Buck Rogers is a bit like X-Com, if nobody in X-Com had bothered to explain any of the finer details. Wandering around aimlessly from the outset leads to many battles, and in these battles you're fighting your own confusion as much as the game's enemies. Successful attacks are determined by many hidden variables that ultimately show up as a 'chance to hit' percentage. In the early moments of a campaign, you're lucky to get higher than 35 percent even if you're standing right next to the enemy. How could anyone miss when they're at point blank range? Clearly, the troops protecting the planet aren't as good as you'd like them to be. With no map to guide you and a never-ending swarm of enemies waiting if you wandered too far, Buck Rogers is tough going.
And the second mission is worse. You're suddenly exploring a ship that's been overrun by aliens. As soon as you land, a parasite infects half your team. You're regularly reminded that something awful's growing inside you via various ominous notifications of 'x notices a rash growing up their leg'. Once the infection ravages one of your characters, they're placed in a coma until you're able - if you're able! - to get back to your ship. You might think I'd have given up here. Still I kept playing. Perhaps, my mum was right when she said I have patience when it's something I really want.
That's the thing about Buck Rogers: Countdown to Doomsday. It's as evil as it is satisfying. It took me weeks to traverse that infected ship back in the day. With so much to be aware of, and a plethora of backtracking, it was abstruse yet fascinating. The entire game was. The suffering never drops away and things never get any easier: you're just given more options and freedom in how to deal with things.

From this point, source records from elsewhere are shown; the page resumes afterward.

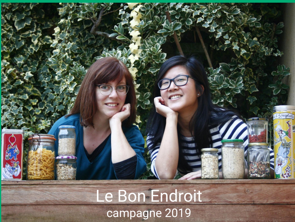
Le Bon Endroit campagne 2019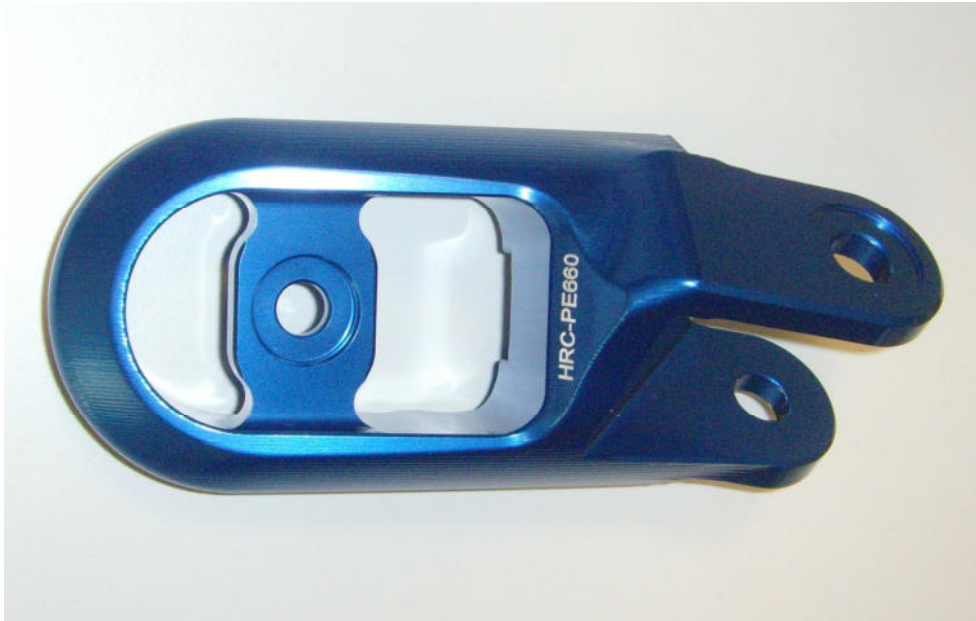
Austauschraste, Ausführung HRC PE660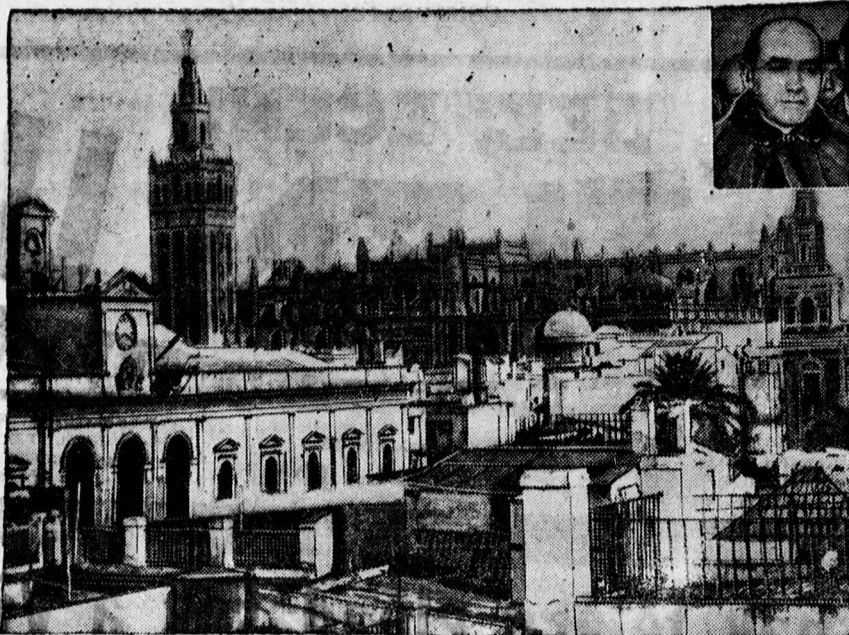
A világ második legnagyobb temploma, a sevillai katedrális, amelyet a spanyol forradalmi mozgalmakban szintén felgyújtottak.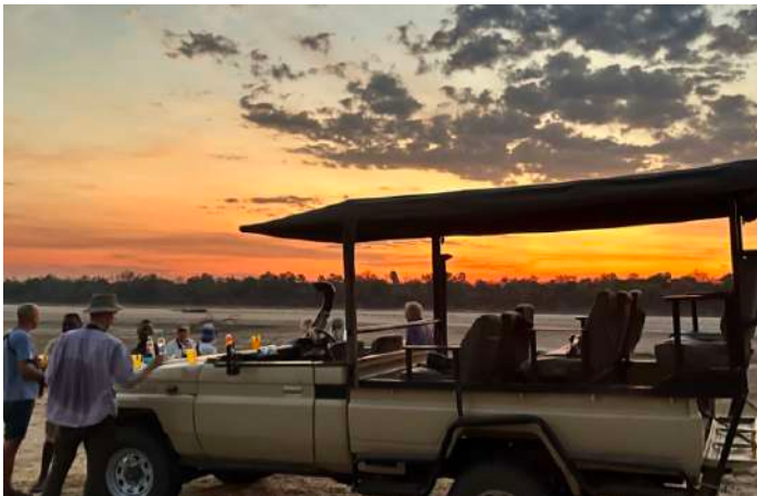
Sundowners vid Luangwafloden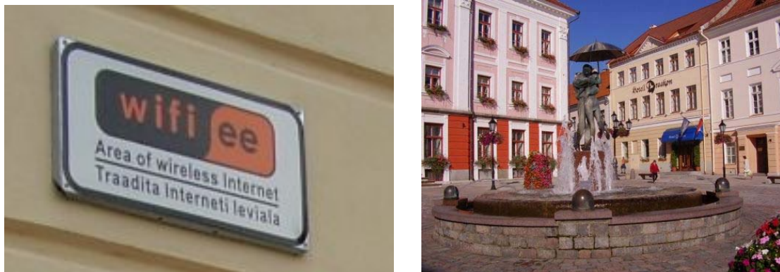
Abbildung 2: Wi-fi am Rathausplatz in Tartu („ee“ ist die Top-Level Domain für Estland)

Fidelity) Hotspots, ein großer Teil davon ist kostenlos. Am 15. Oktober 2005 gab es in Estland eine Weltpremiere: zur landesweiten Kommunalwahl konnten die Esten ihre Stimme innerhalb einer Woche online abgeben. Dazu benötigten sie nur den digitalen Personalausweis und einen Zugang zum Internet – wählen war also z.B. auch in der Bibliothek möglich. Estland war in dieser Hinsicht schneller als alle anderen Länder. Obwohl in den US-Staaten Michigan und Arizona schon jeweils einmal Vorwahlen online statt fanden, gab es bislang noch nirgends sonst landesweite Online-Wahlen. Die Esten sehen sich selbst als ein höchst fortschrittliches Volk, sie nennen ihr eigenes Land gern „E-stonia“, um auf ihre Netzbegeisterung zu verweisen.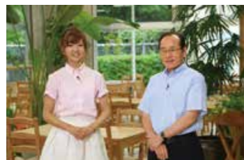
P 7月放送の様子。市Hから視聴できます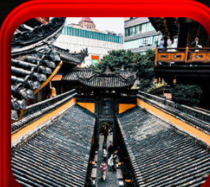
“ วัดหลิวฮั่น ”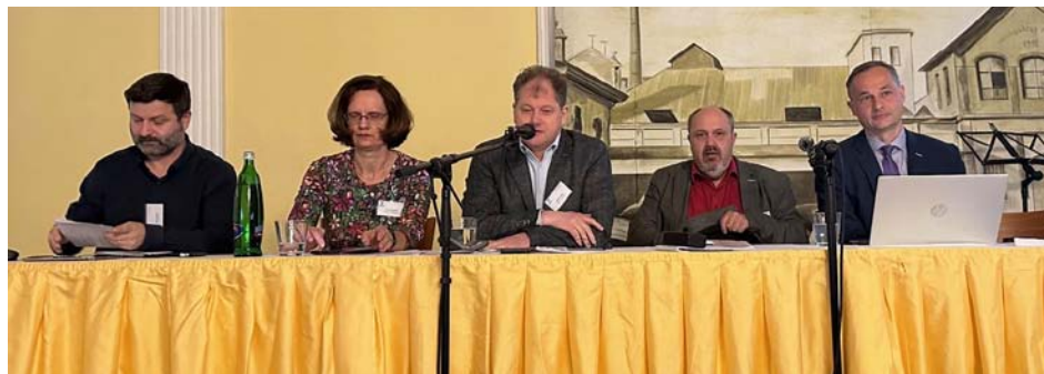
Z Výroční konference Církve bratrské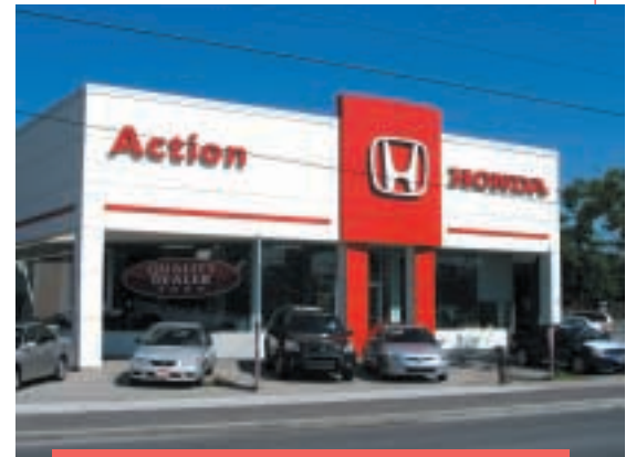
加拿大 Action Honda 汽車代理

年內，Action Honda連續四年榮獲本田優異代理獎。此項由加拿大本田頒發的獎項表揚表現優異的汽車代理。然而，由於競爭激烈，去年汽車代理的經營溢利減少。至於美國西岸的東方食品貿易、入口及分銷業務，於年內維持理想表現。本集團並獲得多個受到美國市場歡迎的知名食品品牌獨家代理權。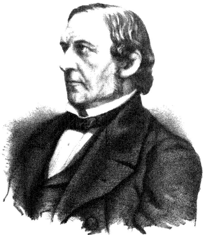
WILLIAM EWART GLADSTONE.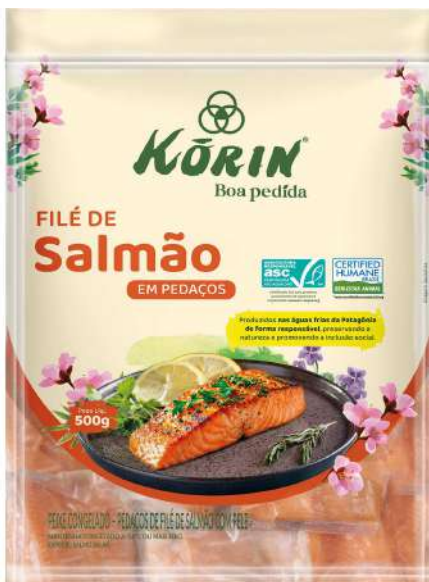
A embalagem com o salmão em postas

A operação é cronometrada para manter a integridade do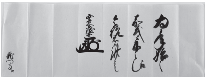
〈文書〉54 岩城隆喜書状（右：包紙）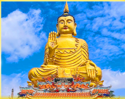
ทิวสหลวงพ่อพันล้าน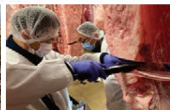
脂肪の質に優れた牛群改良(測定の様子)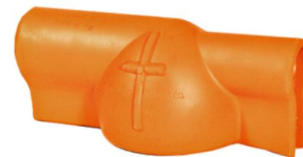
COBERTURA DE BORRACHA PARA ISOLADOR DE PINO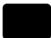
010 Nero Tinting PMS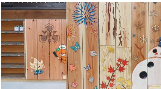
▲ 木工班卒業制作 体育館横下駄箱の雨除け ありがとう。大切に使用させていただきます。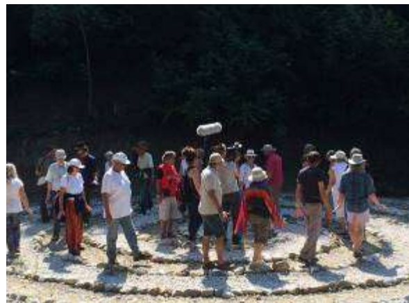
Reinigungsritual im Doppel-Labyrinth im Park “Ravne 2”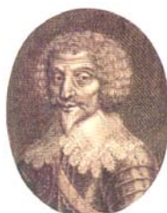
Jean-Louis de Nogaret de la Valette Premier Duc d'Epemon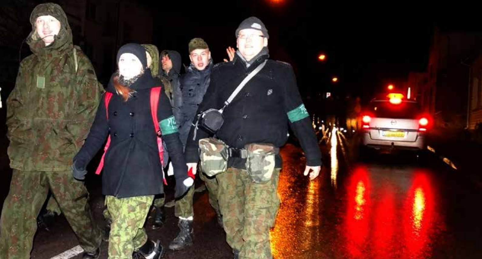
Energijos nepristigome iki paties finišo

25 kilometrų žygis – ne pasivaikščiojimas: finišo liniją turėjome kirsti iki 5 val. 30 min., kitaip žygio neužskaitytų, tad žygiavimo tempas buvo gana spartus. Reikia pripažinti,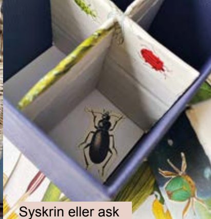
Syskrin eller ask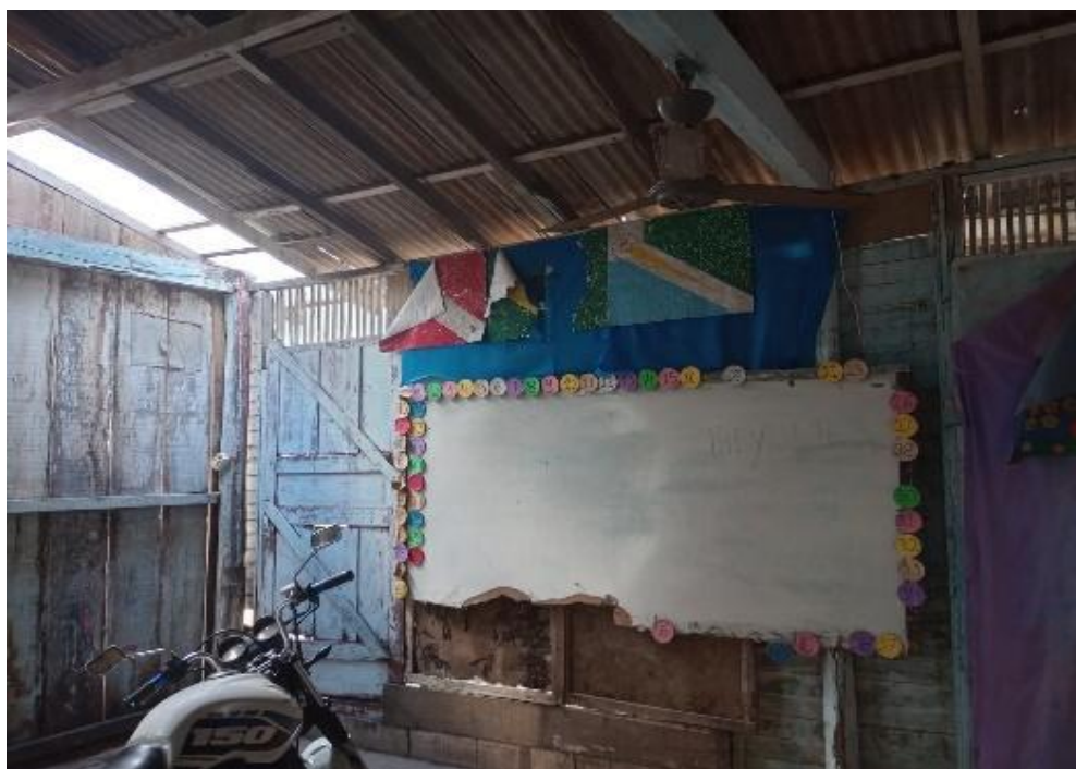
Figura 6. Antiga lousa da escola desativada

I tell myself I stuck with it because it was grimly satisfying. Really though, I stuck with Buck Rogers because I didn't have a choice. Okay, so I could have gone outdoors and played football with my friends but who wants to do that all the time? (It was probably raining anyway; this was South Wales after all.) I was done with my other games and I knew another purchase couldn't happen until at least my birthday, and that was many months away. So, I stuck with Buck Rogers and, actually, I ended up loving it. It almost sounds like an unhealthy relationship because it kind of was.
Being poor and desperate for something new and exciting, I made Buck Rogers work in a way that adult me just wouldn't have the patience for. I have money now but little free time. Back then, I had no money but hours and hours of the week to fill so it meant I discovered these oddities and took the time to experiment with them.
I'm yet to find anyone else my age who's even heard of Buck Rogers: Countdown to Doomsday, let alone played it, but that makes it all the more special to me. It was my personal doomsday. If I'd have had more money, I would have bought something else, something a bit less confusing and unpolished and second-rate. If I'd had less time I would have stepped away from its rotten spell. Let's hear it for being skint and bored.
And this cruel game served its purpose admirably. It led me to love turn-based RPGs before I even knew what that meant. And I learned that, sometimes, it's worth backing the underdog, even if it's not always the simplest option to take. Mostly though, it taught me to make the best of a less than ideal situation - a lesson that would ring true for many more years to come.